◆ What you should do ◆
Instruction for the entries below: return the part that opens with the line containing "MODZ® Universal Golf" and closes with the line containing "This document discusses", exactly, and no pictures.

◆ Given records ◆
--------------------------------------------------

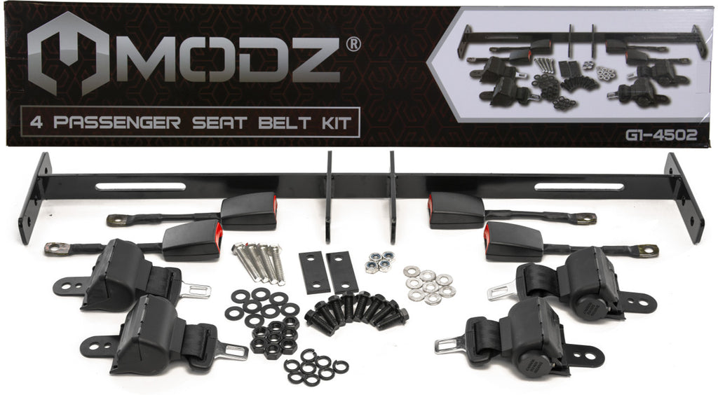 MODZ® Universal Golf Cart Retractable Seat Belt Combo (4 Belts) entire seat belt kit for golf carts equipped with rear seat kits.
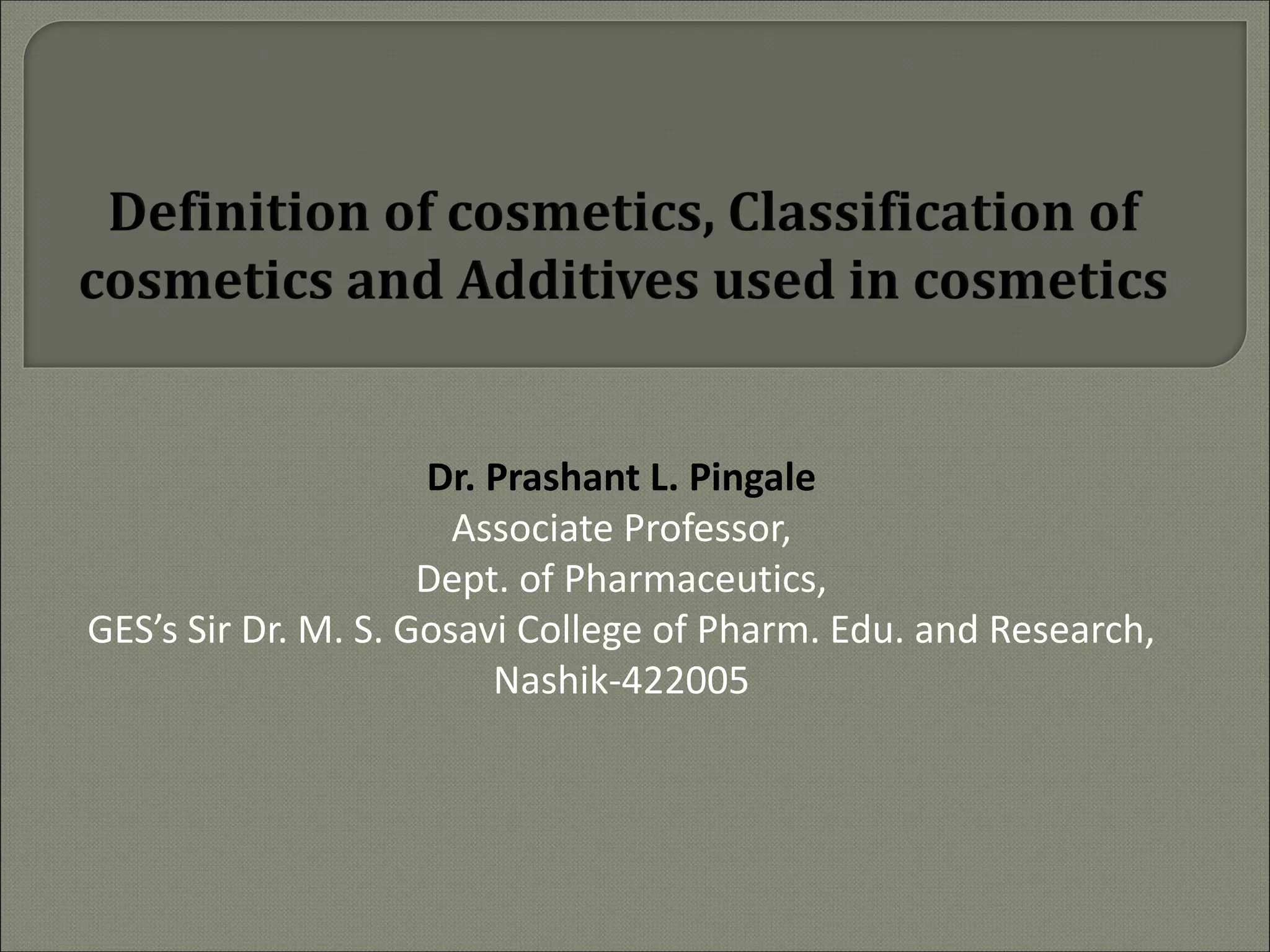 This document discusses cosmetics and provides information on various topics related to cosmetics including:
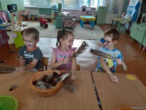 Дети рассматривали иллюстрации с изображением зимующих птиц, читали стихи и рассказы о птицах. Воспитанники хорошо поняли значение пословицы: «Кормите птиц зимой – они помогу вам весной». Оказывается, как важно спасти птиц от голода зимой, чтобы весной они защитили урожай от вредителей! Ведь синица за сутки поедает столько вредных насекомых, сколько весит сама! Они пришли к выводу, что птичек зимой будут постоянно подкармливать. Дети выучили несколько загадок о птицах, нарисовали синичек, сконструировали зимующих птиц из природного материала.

--------------------------------------------------

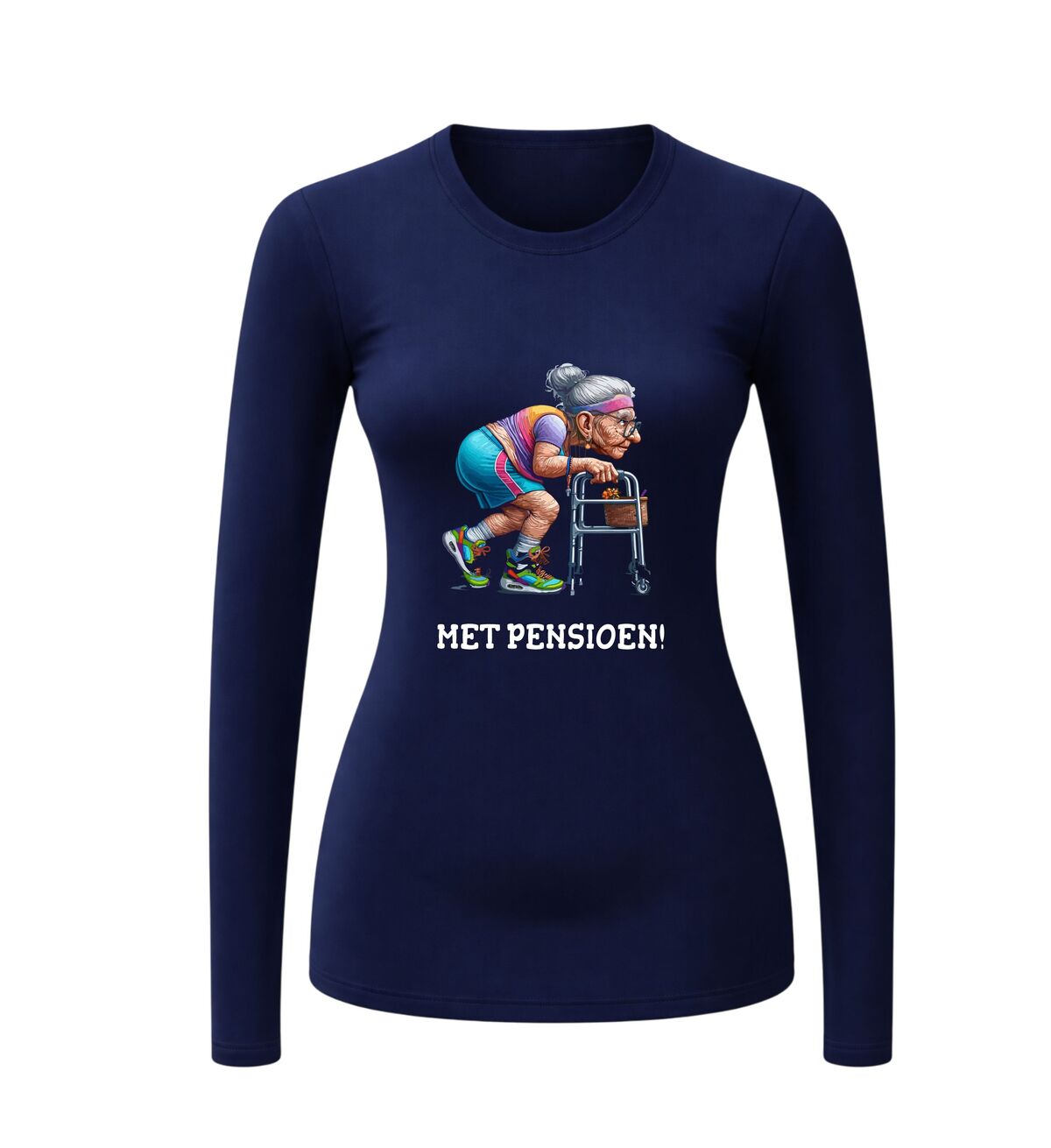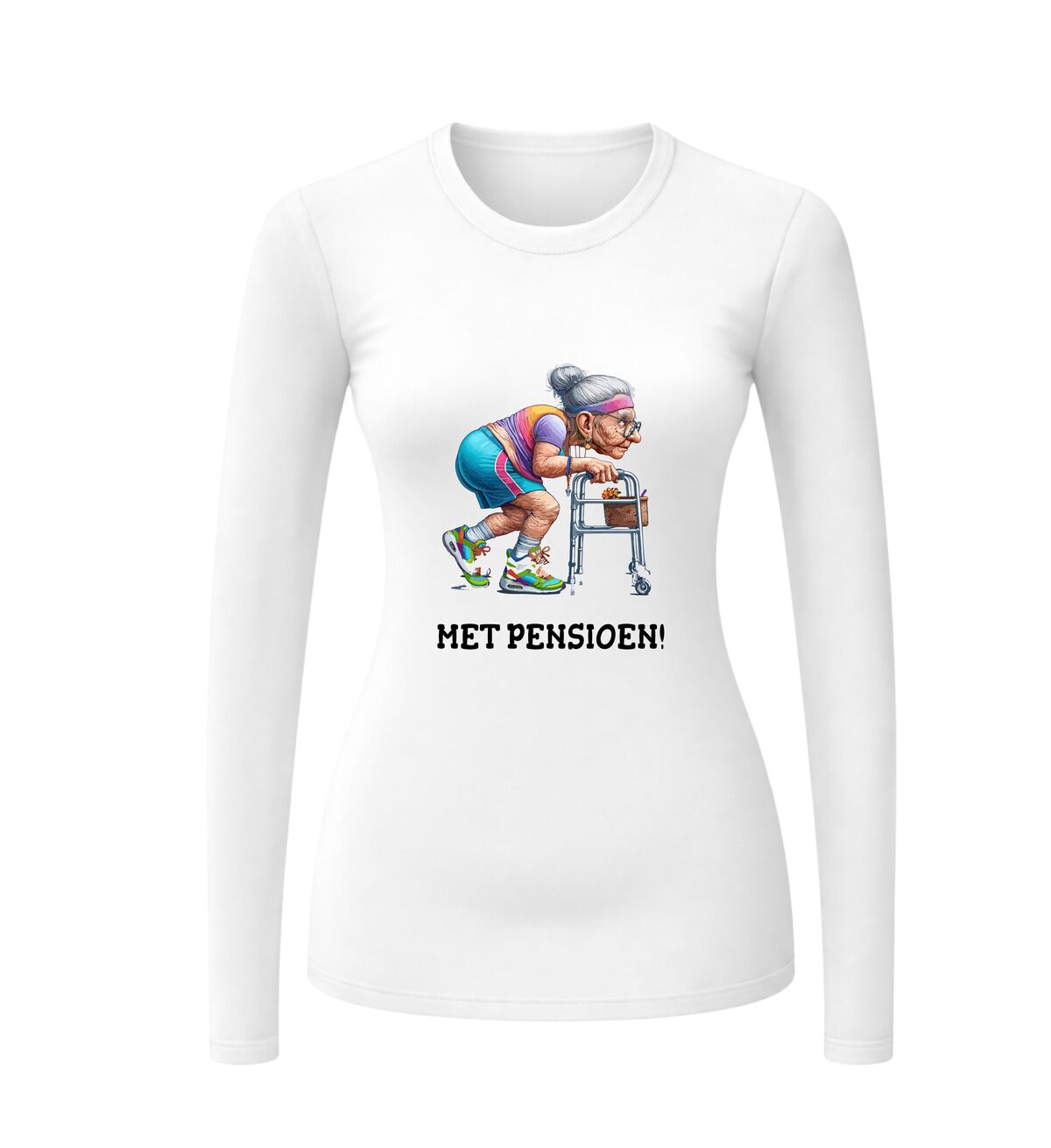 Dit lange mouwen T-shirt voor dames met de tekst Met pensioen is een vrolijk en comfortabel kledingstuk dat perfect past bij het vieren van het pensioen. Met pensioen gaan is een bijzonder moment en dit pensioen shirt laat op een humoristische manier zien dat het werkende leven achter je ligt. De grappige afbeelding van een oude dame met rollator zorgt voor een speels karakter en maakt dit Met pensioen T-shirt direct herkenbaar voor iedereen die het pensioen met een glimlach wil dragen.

--------------------------------------------------

◆ Completed exercise ◆
 MODZ® Universal Golf Cart Retractable Seat Belt Combo (4 Belts) entire seat belt kit for golf carts equipped with rear seat kits.
 This document discusses cosmetics and provides information on various topics related to cosmetics including:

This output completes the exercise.